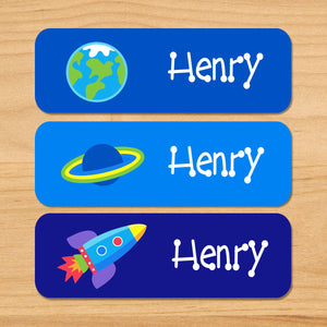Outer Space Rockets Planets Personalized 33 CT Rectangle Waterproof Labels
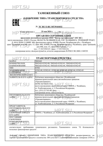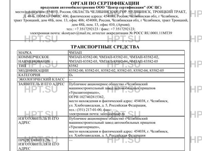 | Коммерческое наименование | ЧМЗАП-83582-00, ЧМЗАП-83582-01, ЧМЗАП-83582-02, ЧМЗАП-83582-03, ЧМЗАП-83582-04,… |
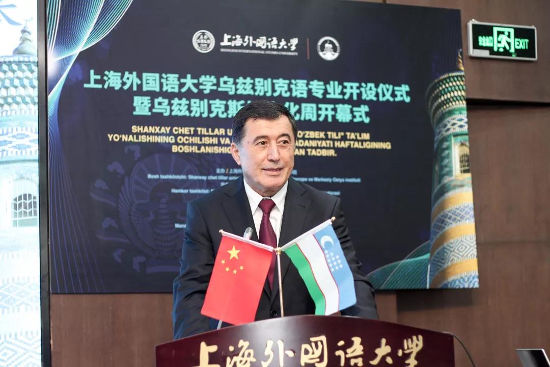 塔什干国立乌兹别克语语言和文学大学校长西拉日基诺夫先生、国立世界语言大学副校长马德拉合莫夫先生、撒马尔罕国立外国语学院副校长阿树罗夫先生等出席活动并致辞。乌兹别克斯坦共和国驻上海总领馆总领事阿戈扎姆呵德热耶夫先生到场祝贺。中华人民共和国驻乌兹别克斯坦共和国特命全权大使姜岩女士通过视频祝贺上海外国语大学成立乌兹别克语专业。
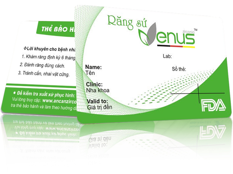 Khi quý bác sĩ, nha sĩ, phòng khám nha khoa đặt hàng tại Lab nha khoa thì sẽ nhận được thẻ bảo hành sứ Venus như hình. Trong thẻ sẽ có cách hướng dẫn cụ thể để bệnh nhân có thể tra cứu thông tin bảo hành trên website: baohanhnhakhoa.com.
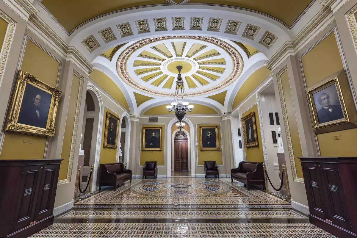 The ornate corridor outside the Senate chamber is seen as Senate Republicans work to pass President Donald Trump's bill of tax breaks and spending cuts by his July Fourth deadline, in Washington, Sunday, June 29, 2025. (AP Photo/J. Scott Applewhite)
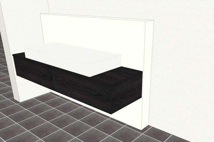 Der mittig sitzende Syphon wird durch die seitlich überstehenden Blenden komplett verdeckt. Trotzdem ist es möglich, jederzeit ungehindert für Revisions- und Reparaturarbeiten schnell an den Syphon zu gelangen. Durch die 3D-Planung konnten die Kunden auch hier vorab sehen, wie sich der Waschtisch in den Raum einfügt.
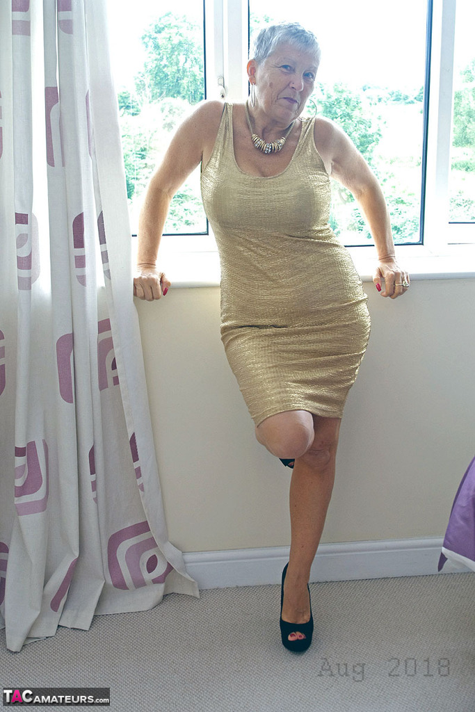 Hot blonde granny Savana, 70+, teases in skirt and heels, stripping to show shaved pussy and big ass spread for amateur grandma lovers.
**********
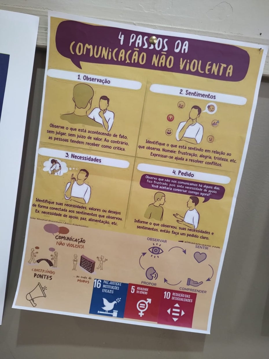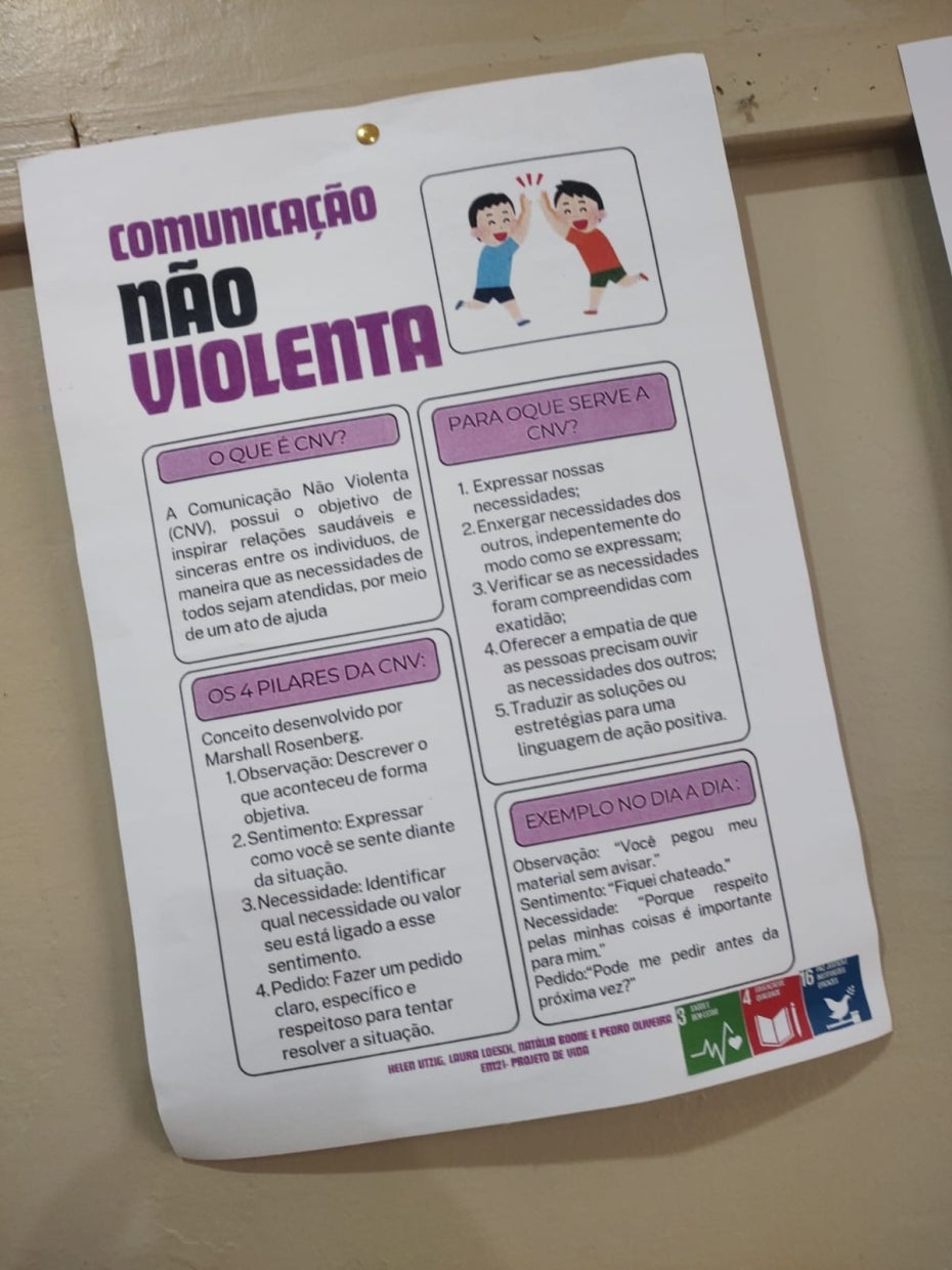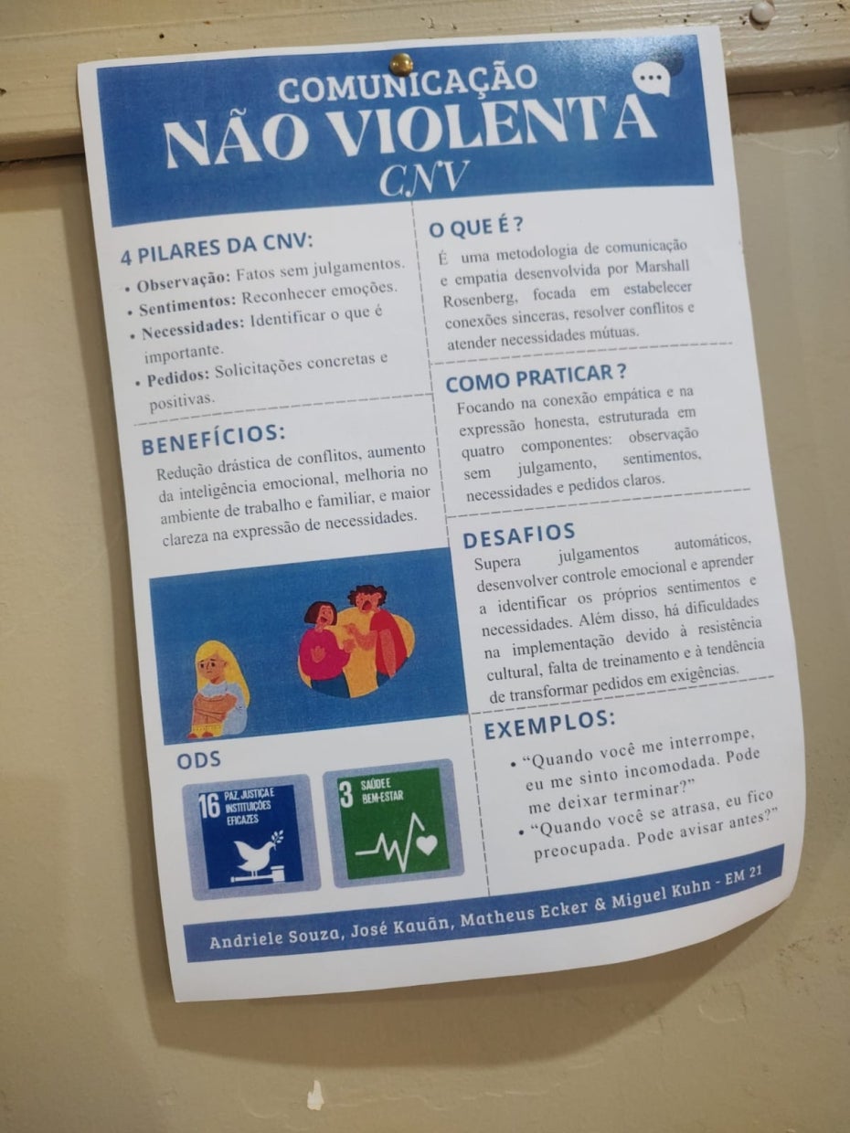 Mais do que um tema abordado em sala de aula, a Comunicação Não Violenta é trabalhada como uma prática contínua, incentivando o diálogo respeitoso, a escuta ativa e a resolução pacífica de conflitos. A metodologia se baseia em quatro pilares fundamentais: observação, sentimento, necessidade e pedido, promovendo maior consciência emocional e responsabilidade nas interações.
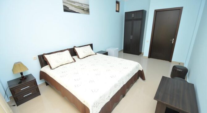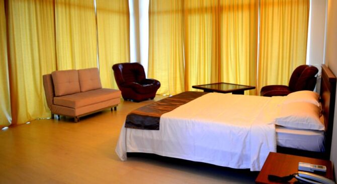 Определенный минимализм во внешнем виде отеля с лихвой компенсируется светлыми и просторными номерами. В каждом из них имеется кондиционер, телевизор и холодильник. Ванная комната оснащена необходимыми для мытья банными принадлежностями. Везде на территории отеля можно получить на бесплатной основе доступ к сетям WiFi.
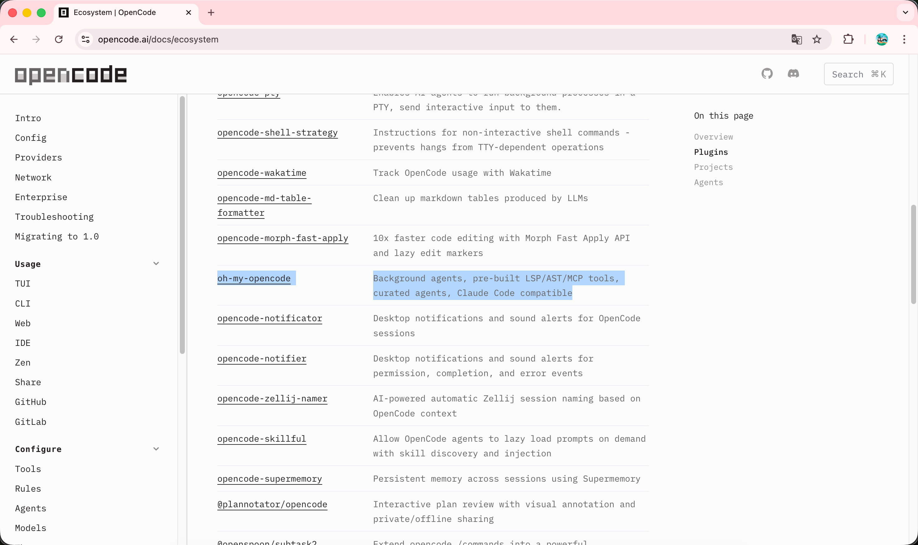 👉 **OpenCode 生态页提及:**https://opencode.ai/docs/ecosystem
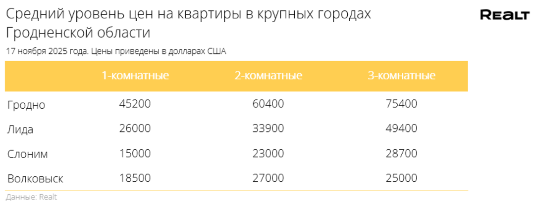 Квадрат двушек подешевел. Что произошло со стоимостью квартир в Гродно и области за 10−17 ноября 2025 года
**********
Exercise details: Once the line with "Outer Space Rockets" is found above, print it and every line after it through the line with "Khi quý bác", exactly. Pictures stay out.

Result:
Outer Space Rockets Planets Personalized 33 CT Rectangle Waterproof Labels
 | Коммерческое наименование | ЧМЗАП-83582-00, ЧМЗАП-83582-01, ЧМЗАП-83582-02, ЧМЗАП-83582-03, ЧМЗАП-83582-04,… |
 塔什干国立乌兹别克语语言和文学大学校长西拉日基诺夫先生、国立世界语言大学副校长马德拉合莫夫先生、撒马尔罕国立外国语学院副校长阿树罗夫先生等出席活动并致辞。乌兹别克斯坦共和国驻上海总领馆总领事阿戈扎姆呵德热耶夫先生到场祝贺。中华人民共和国驻乌兹别克斯坦共和国特命全权大使姜岩女士通过视频祝贺上海外国语大学成立乌兹别克语专业。
 Khi quý bác sĩ, nha sĩ, phòng khám nha khoa đặt hàng tại Lab nha khoa thì sẽ nhận được thẻ bảo hành sứ Venus như hình. Trong thẻ sẽ có cách hướng dẫn cụ thể để bệnh nhân có thể tra cứu thông tin bảo hành trên website: baohanhnhakhoa.com.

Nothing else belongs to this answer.